For $\varepsilon=0,001$, find $N=N_0$ such that $|a_n-L|\lt \varepsilon$ if $n\geqslant N$
$$a_n = \frac{(n+1)}{3n-1}\, {\rm and} \, L=1/3$$
According to him, the answer could be any $N_0$ greater than $\left[\frac{2}{3\varepsilon}\right]+1$. I have an idea of how the proof works, but I can't figure out how he came up with that specific value for N$_0$. And why the final value has a $+1$.
On
We have $$ a_n - L = \frac{n+1}{3n-1}- \frac{1}{3} = \frac{3(n+1)-(3n-1)}{3(3n-1)} = \frac{4}{3(3n-1)}. $$ So we want $$ \frac{4}{3(3n-1)} < \epsilon \quad\Leftrightarrow\quad 3n-1 > \frac{4}{3\epsilon} \quad \Leftrightarrow \quad n > \frac{4}{9\epsilon}+\frac{1}{3}, $$ so we can take $$ n_0 = \left[ \frac{4}{9\epsilon}\right] + 1. $$ We have $+1$ here to be on the safe side, since we want the previous inequality to be strict.

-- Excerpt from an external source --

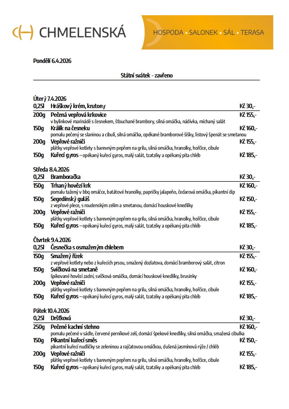 Polední menu v týdnu od 7.4.2026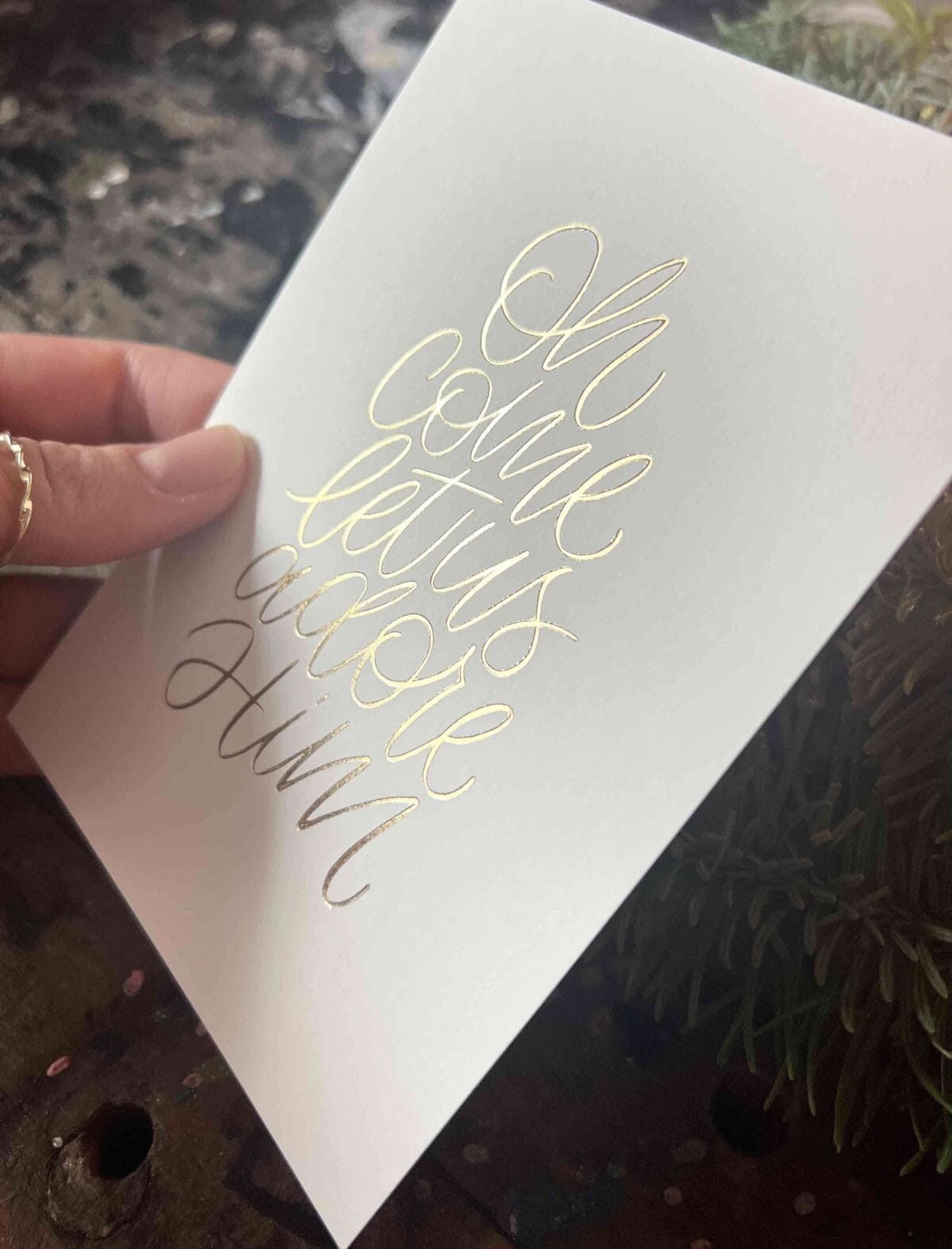 5  Postkarten (A6) auf 400gr Naturpapier mit Goldfolienveredelung. Die Postkarte ist auf der Rückseite beschreibbar.

In particular, if $\epsilon = 0.001 = 10^{-3}$ this becomes $$ n_0 = \left[ \frac{4000}{9}\right]+1 = \left[ \frac{4000}{9}\right]+1 = 445. $$
We have that
$$\left|\frac{n+1}{3n-1}-\frac13\right|<\epsilon \iff \frac{4}{3(3n-1)}<\epsilon. $$
Now
$$\frac{4}{3(3n-1)}<\epsilon\iff 9n-3>\frac{4}{\epsilon}\iff 9n>\frac{4}{\epsilon}+3.$$ So we need
$$n>\frac{4}{9\epsilon}+\frac13.$$ So it is enough to have
$$n>\left[\frac{4}{9\epsilon}\right]+\left[\frac13\right]=\left[\frac{4}{9\epsilon}\right]+1.$$